O Global Firepower utiliza mais de 60 critérios para medir o poder bélico de uma nação, incluindo diversidade de equipamentos, capacidade logística, poder militar, posição geográfica e condição financeira. O índice do Brasil, estabelecido em 0,2374, demonstra um desempenho robusto se comparado a vizinhos como Argentina, que obteve um índice de 0,6013, colocando-a na 28ª posição mundial.
Uma das principais características que diferencia o Brasil de outras nações latino-americanas é sua menor dependência de tecnologia estrangeira. O investimento na produção interna de equipamentos militares críticos tem se tornado uma prioridade, com a fabricação de veículos blindados, aviões, submarinos e sistemas de radar ocorrendo no território nacional. Essa capacidade de produção própria não só fortalece o setor de defesa, mas também reduz a vulnerabilidade do país a dependências externas em tempos de crise.

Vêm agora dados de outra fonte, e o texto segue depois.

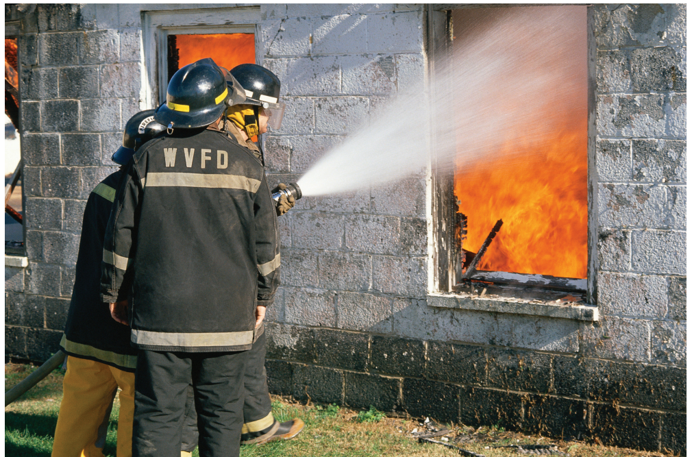
Figure 14.2 Disaster Damage
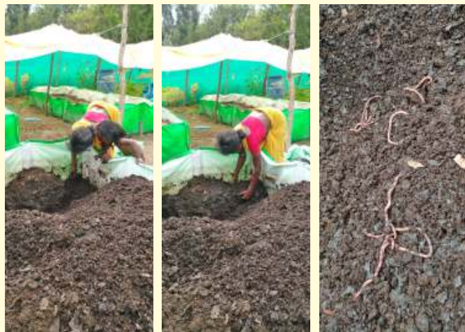
Tribals are taught and encouraged to produce vermi-compost to earn additional income
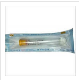
10 ML Bio Pro PRP ACD Gel Vacuum Tube
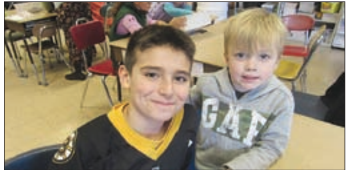
KRES at Bradford did their first Caring Schools Community Cross-age Buddy Activity to help students develop positive relationships by pairing older student with younger students.

Além disso, a força militar brasileira é substantiva, contando com cerca de 370 mil soldados, o que representa o maior contingente da América do Sul. O orçamento militar do Brasil, com uma alocação de R$ 142 bilhões (aproximadamente US$ 27,1 bilhões), configura-se como a quarta maior dotação entre as prioridades do governo federal, consolidando a posição do país como uma potência significante tanto na região quanto no cenário global.
O novo status do Brasil no ranking militar é visto como um marco de mudança, onde a nação não é apenas reconhecida por sua imensa extensão territorial, mas também por sua capacidade de desenvolver, produzir e manter equipamentos de defesa de ponta. Essa transição reflete uma postura mais assertiva e autossuficiente, promovendo um fortalecimento do setor de defesa nacional, essencial para os desafios contemporâneos da segurança.